The above table gives the longevity in days for the male fruit flies given an opportunity to reproduce (IndReprod = 0) and for those deprived of the opportunity (IndReprod = 1).

The data was collected from a case-control study design. The original study association analysis used the multiple linear regression model in which Longevity was a response variable and Thorax and IndReprod were used as predictor variables. In this example, we build a logistic regression to assess the association between longevity and reduction. Due to the case-control study design, the resulting logistic regression cannot be used as a predictive model.
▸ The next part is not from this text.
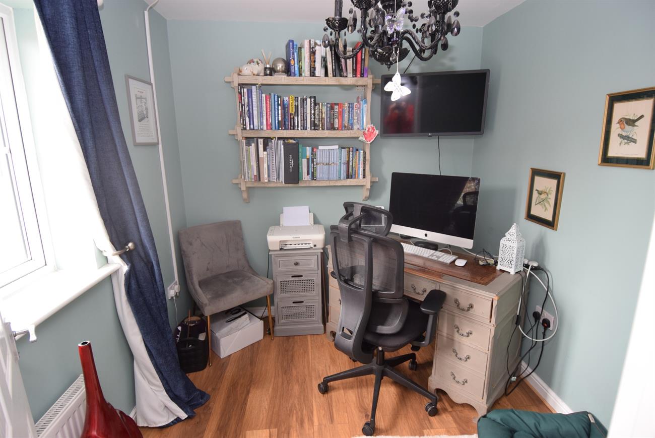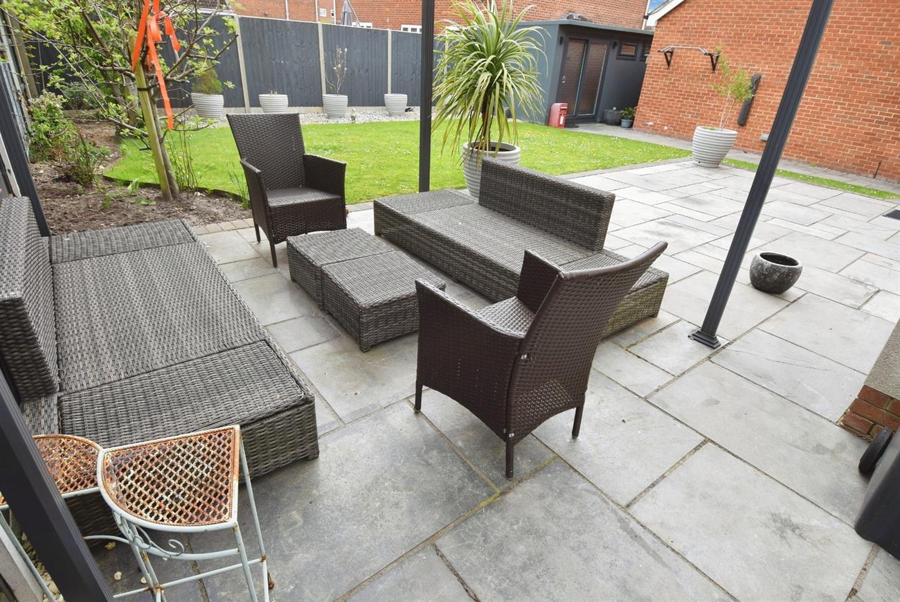 The front garden has attractive shaped brick walling and path to the front door. The drive is adjacent to the property that gives parking and access to the garage. The generous size enclosed rear garden is a striking feature having been landscaped with a good size patio area with complementary paving leading to the home office/ gym, lawn trees, water tap and side gated pedestrian access to the drive.

Figure 7.2: The scatter plots of a binary response v.s. a continuous predictor variable

Since the response variable is binary (i.e., it can only take on two distinct values, 0 and 1 in this example), the linear regression line is a bad choice since (1) the response variable is not continuous, (2) the fitted regression line can take on any values between negative infinity and positive infinity. The response variable takes on only either 0 or 1 (see the dark red straight line).

A meaningful approach to assess the association between the binary response variable and the predictor variable by looking at how the predictor variables impact the probability of observing the bigger value (i.e., the one that has a higher alphabetical order) of the response variable. The above S curve describes the relationship between the values of the predictor variable(s) and the probability of observing the bigger value of the response variable.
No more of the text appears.